The impact of GLP-1 weight-loss drugs like Ozempic is already visible. With 7.4% of US adults using these medications, demand is rising for snacks that balance indulgence with satiety. Popcorn, with its dual positioning as light and filling, is one of the beneficiaries.

But the bigger story is the punishment of vagueness. Vague ‘better-for-you’ messaging no longer delivers. Consumers are seeking specific, credible claims - gut health, protein, fiber - that they can connect to personal wellness goals.
What this means: This requires more than marketing language. It demands reformulation, credible certifications, and measurable outcomes. In a market in flux, empty claims will not survive scrutiny.
Co-brands and convenience: The new shelf power plays

If flavor churn and wellness are shaking up products, co-branding and convenience are rewriting strategy.
Co-branded snacks now generate $2.1bn in annual sales, with retail exclusives delivering $678m and restaurant-linked tie-ups contributing close to $1bn.
These partnerships offer instant recognition and built-in storytelling, and they’re steadily squeezing independents for space.
Convenience, meanwhile, is being redefined. Away-from-home snacking occasions are projected to rise 39% by 2027. But convenience is no longer just about single-serve packaging but about being omnipresent. Snacks are showing up in bulk e-commerce packs, checkout lanes, gyms, airports and workplaces. The line between channels is blurring fast.
This creates a new form of competition. It’s not just about who owns the flavor or the claim but who owns the occasion.
What this means: The winners will be those who design snacks for every touchpoint of consumer life, from a high-protein bar at the gym to a co-branded popcorn at the cinema.
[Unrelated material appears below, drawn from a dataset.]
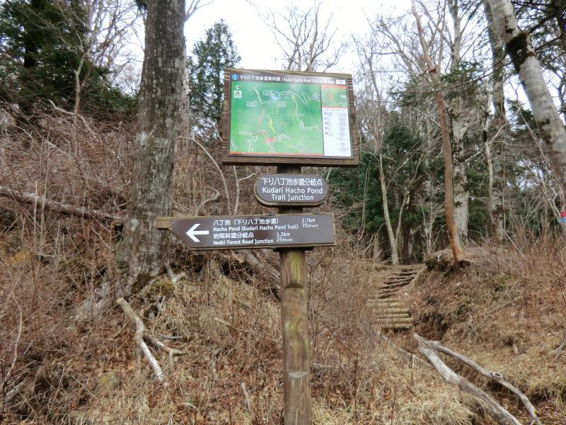 八丁池(下り八丁池歩道)岩尾林道分岐/
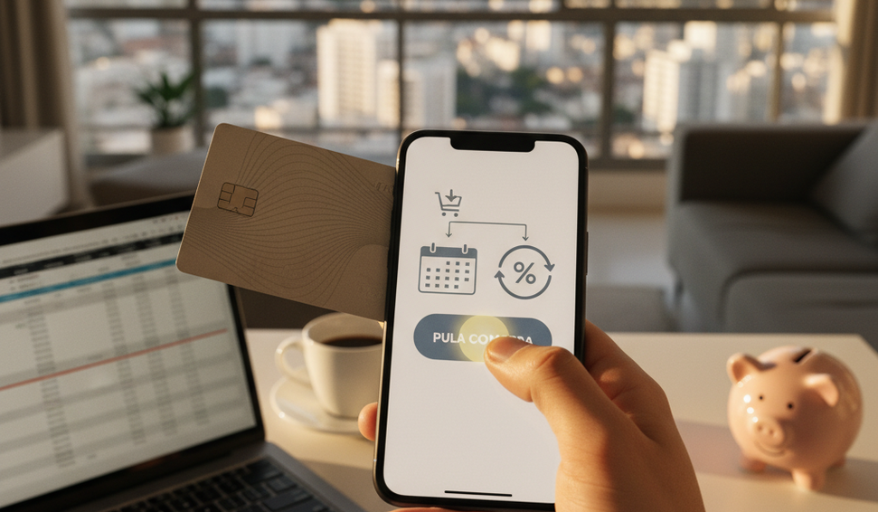 Nova função 'Pula compra' possibilita transferir uma despesa da fatura atual para a próxima, sem cobrança de juros, e pode ser usada mensalmente.

Navigating flux: Adapt or be erased
The data leaves little doubt. A $150bn market that once thrived on stable habits is being redefined by churn, multicultural influence, wellness, co-branding and mobility.
The forces reshaping snacking aren’t cyclical; they’re structural.
And consumers aren’t dabbling in new behaviors – they’re rewriting the role of snacks in daily life.
What this means: Incremental innovation won’t be enough. Agility, speed and cultural sensitivity must become operational priorities. Flavor agility must match the pace of social media; wellness claims must be specific and evidence-backed; co-branding must be strategic rather than opportunistic; and distribution strategies must align with omnichannel lifestyles.
The $150bn snacking market is in flux and flux is unforgiving. Those who adapt quickly will capture not just growth, but relevance. Those who fail will be erased by competitors who can turn data into action at speed.